SOURCE DATA:
□ □ □
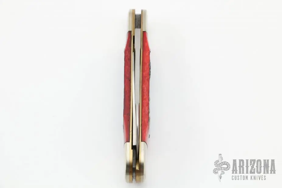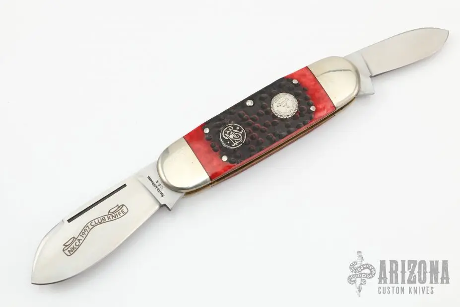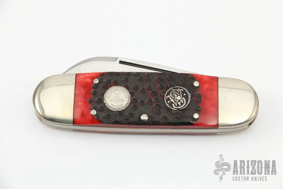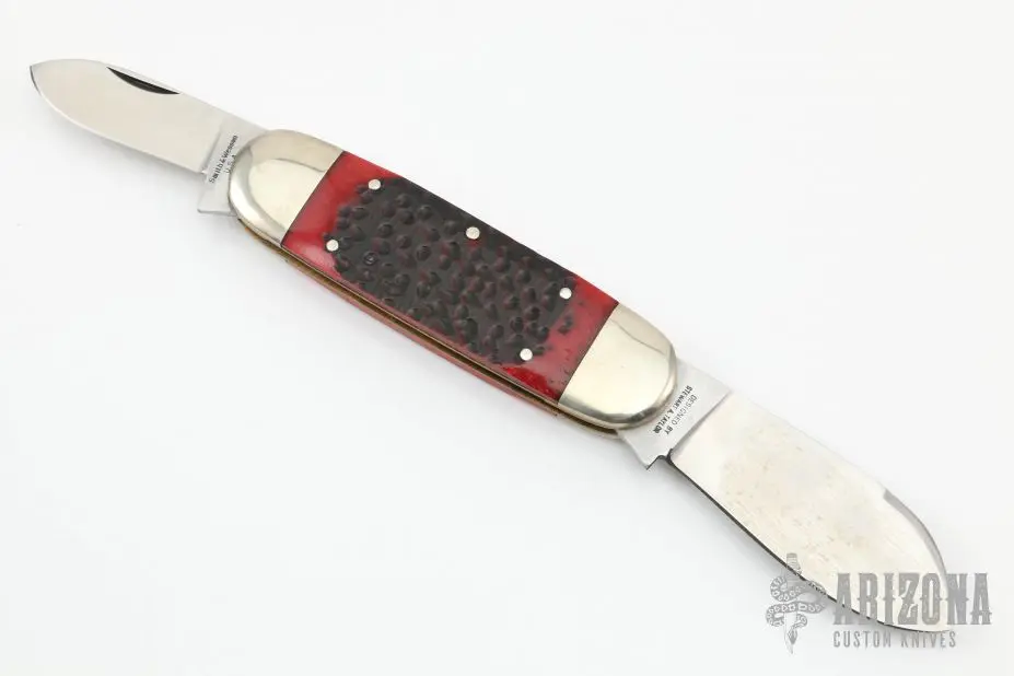 This Elephant Toe slipjoint by Case Knives has two satin finished blades both with nail nicks. The handle has nickel silver bolsters, dyed bone covers, brass liners and pins, stainless steel spring.Comes with original box. Excellent Condition. Â
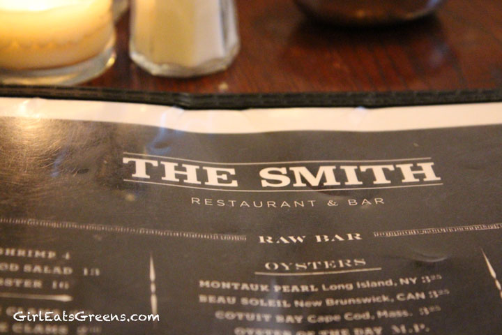 As you may or may not have noticed by now, I eat at a lot of non-American places. My cooking tends to lean heavily on Asian, Mediterranean or Mexican influences. American and French restaurants tend to be hard on me. But I had been to The Smith once before – around lunchtime – and remembered there being amazing salads. When all else fails – order a salad. And I knew the place had a kind of cute upscale diner-y feel to it, and I knew they had a good glass of rose. What else can a girl ask for?
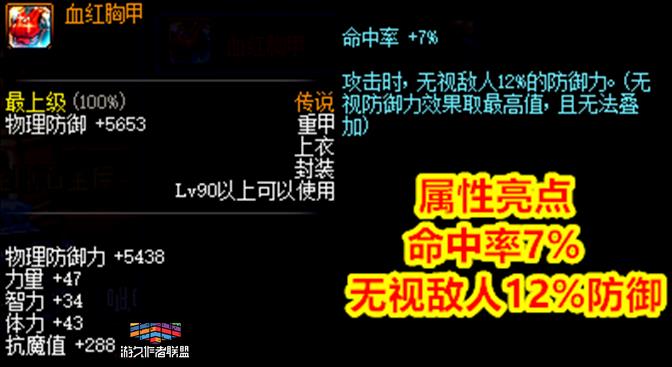 90级重甲上衣血红胸甲,价格200万左右。属性亮点方面是命中率+7%,无视敌人12%的防御力。无视防御力的装备属性虽然有冲突,但是当前版本关于这类型属性的装备还很少,重点是在7%的命中率,对于刚刚用十周年跨界石跨界了无用的玩家来说是不错的选择。另外无视防御力的算法是,假设怪物有100防御,然后无视12%后就是怪物还有88防御,具体能提升多少要研究生学历的勇士才能计算。
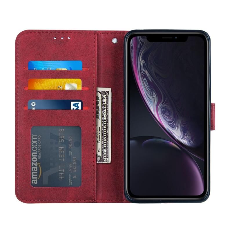 Θήκη για iPhone XR, Δερμάτινη, Οριζόντια, με Στεγανή Ραφή, Υφή Μοσχαριού, Αγκράφα, με Θήκη, Θήκες Καρτών, Πορτοφόλι & Λουρί (Μαύρο)
□ □ □
REQUIRED WORK:
In the copy, include exactly the lines from the one with "90级重甲上衣血红胸甲,价格" through the final line of the data, both ends included, and no pictures.

ANSWER TO THE PROBLEM:
 90级重甲上衣血红胸甲,价格200万左右。属性亮点方面是命中率+7%,无视敌人12%的防御力。无视防御力的装备属性虽然有冲突,但是当前版本关于这类型属性的装备还很少,重点是在7%的命中率,对于刚刚用十周年跨界石跨界了无用的玩家来说是不错的选择。另外无视防御力的算法是,假设怪物有100防御,然后无视12%后就是怪物还有88防御,具体能提升多少要研究生学历的勇士才能计算。
 Θήκη για iPhone XR, Δερμάτινη, Οριζόντια, με Στεγανή Ραφή, Υφή Μοσχαριού, Αγκράφα, με Θήκη, Θήκες Καρτών, Πορτοφόλι & Λουρί (Μαύρο)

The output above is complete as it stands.